23 KiB
Global GLAM Dataset: Data Standardization Strategy
Overview
This document describes how existing structured datasets in the data/ directory will be standardized, integrated, and fit into the Global GLAM dataset extraction pipeline alongside data mined from conversation files.
Existing Data Assets
1. ISIL Codes Registry
File: data/ISIL-codes_2025-08-01.csv
Current Structure
Volgnr.,Plaats,Instelling,ISIL code,Toegekend op,Opmerking
1,Aalten,Nationaal Onderduikmuseum,NL-AtNOM,2021-03-17,
2,Alkmaar,Regionaal Archief Alkmaar,NL-AmrRAA,2009-08-18,
Data Characteristics
- Scope: Dutch heritage institutions with assigned ISIL codes
- Coverage: ~300+ institutions (estimated from file)

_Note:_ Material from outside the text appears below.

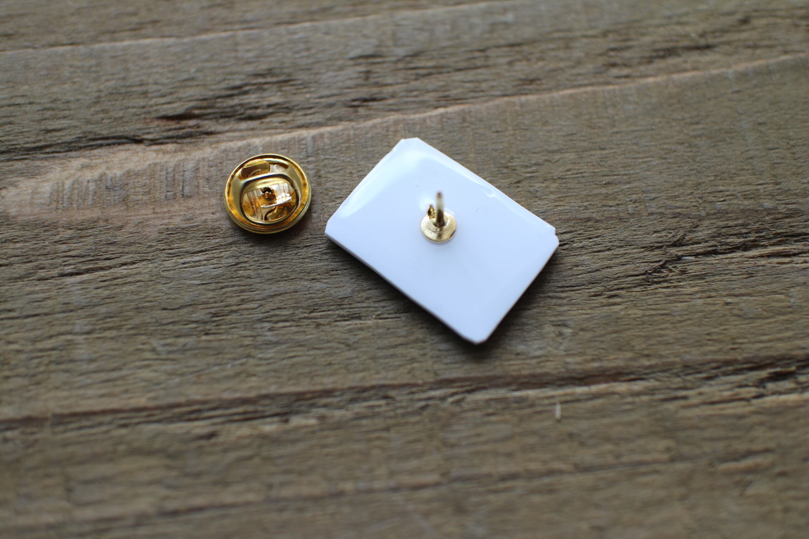 白いプラ板にインクジェットで絵柄を印刷しレジンで加工しています。

- Authority: Official ISIL registry for Netherlands
- Fields:
- Sequential number (Volgnr.)
- Place/City (Plaats)
- Institution name (Instelling)
- ISIL code (standardized identifier)
- Assignment date (Toegekend op)
- Remarks/Notes (Opmerking)
Data Quality
- Strengths:
- Authoritative source for Dutch ISIL codes
- Standardized identifier format (NL-{code})
- Official assignment dates
- Clean, structured data
- Limitations:
- Netherlands only (not global)
- Only institutions with ISIL codes (subset of all institutions)
- Limited metadata (no URLs, collections, types)
- CSV encoding issues (extra quote marks)
2. Dutch Organizations Registry
File: data/voorbeeld_lijst_organisaties_en_diensten-totaallijst_nederland.csv
Current Structure
Plaatsnaam bezoekadres,Straat en huisnummer bezoekadres,Organisatie,Koepelorganisatie,
Webadres organisatie,Type organisatie,Opmerkingen Inez,ISIL-code (NA),
Samenwerkingsverband / Platform,Systeem,Versnellen,Collectie Nederland,...
Data Characteristics
- Scope: Comprehensive list of Dutch heritage organizations and services
- Coverage: Province-by-province (Drenthe, Flevoland visible in sample)
- Richness: Very detailed metadata about each institution
- Fields (40+ columns):
- Location: Province, city, street address
- Organization: Name, parent organization, website
- Classification: Type (museum, archive, library, historical society)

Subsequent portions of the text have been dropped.